Он оглянулся на Банитчи. Тот ехал как и раньше — обхватив руками плечи метчейты, опустив голову; Банитчи мучили сильные боли, а Брен не знал, есть ли у того атеви, которого он счел медиком, что-нибудь, кроме набора первой помощи, — например, болеутоляющие средства, и если есть, давал ли он что-то Банитчи, — но сломанная лодыжка, хоть и в лубках, наверняка распухла, болтаясь без стремени.

Состояние Банитчи убедило Брена, что его собственные болячки — сущая ерунда. И вдруг его испугала мысль о том, с чем им предстоит столкнуться, и другая: Илисиди уже один раз собиралась оставить Банитчи без помощи, а сейчас, когда он искалечен, они и в самом деле могут его бросить, если встретятся в конце пути с врагами — если Уигайриин больше не в руках союзника.

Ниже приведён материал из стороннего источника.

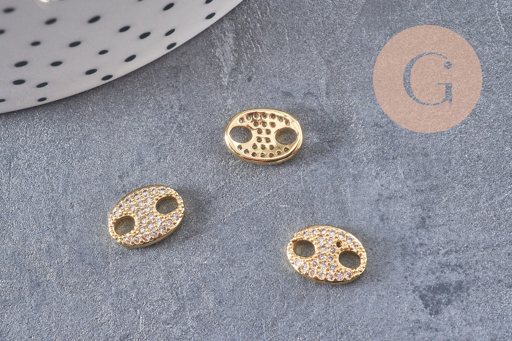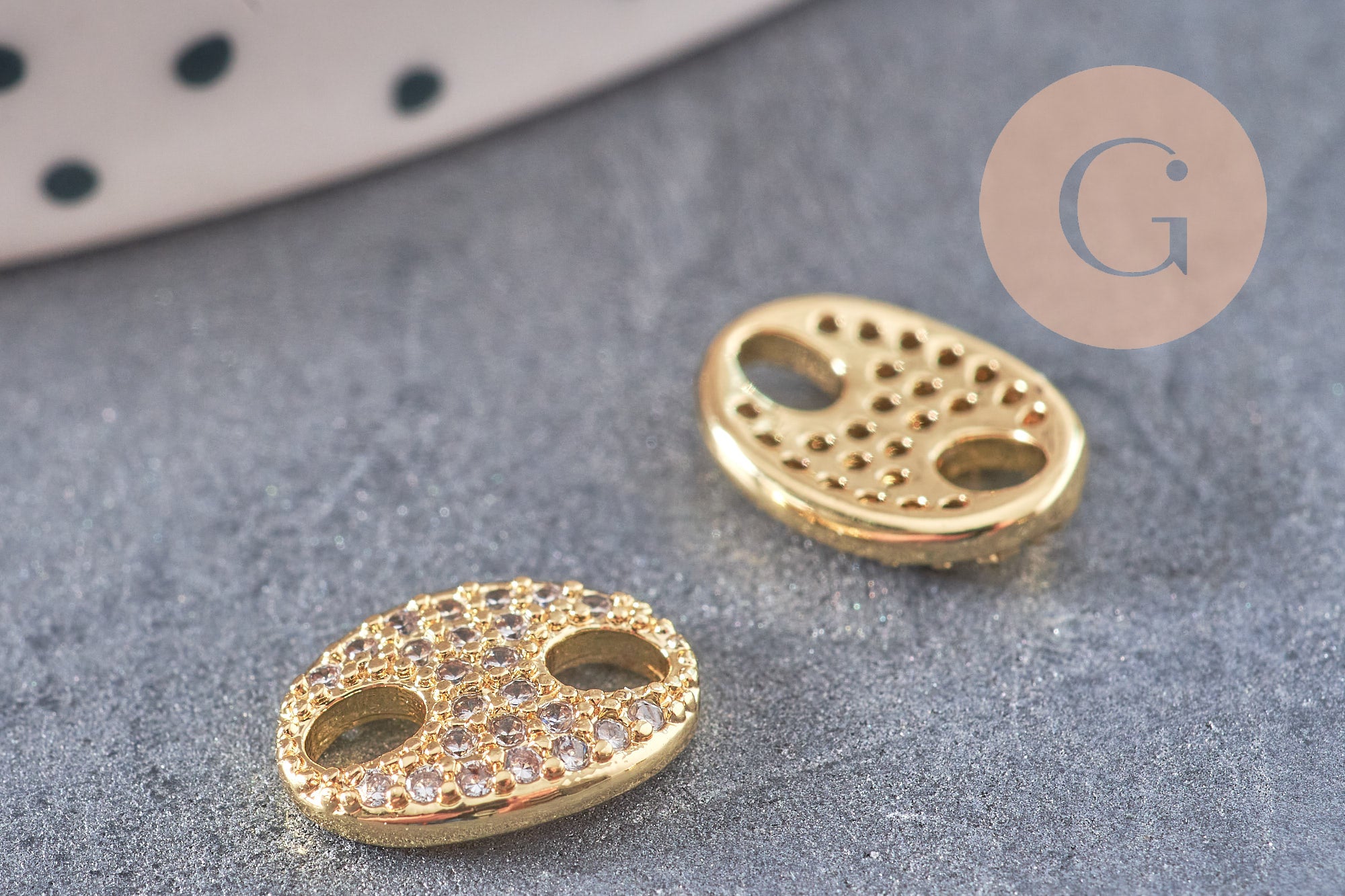 Add a touch of light and refinement to your creations with this oval connector pendant in 18-karat gold-plated brass , adorned with small white zircon crystals . Its delicate sparkle and elegant shape make it an ideal element for feminine and timeless jewelry.

Или если Илисиди не говорит правды о своих намерениях — ему вдруг пришло в голову, что она сказала «нет» мятежникам из Майдинги, но она ведь точно так же была в сговоре с Уигайриином, насколько Брен понял, и ее старый ассоциат был склонен тоже вступить в заговор, если Илисиди сторгуется с мятежниками.

А это означает щекотливые отношения и неустойчивые союзы, очень хрупкие связи, которые под напряжением могут и лопнуть.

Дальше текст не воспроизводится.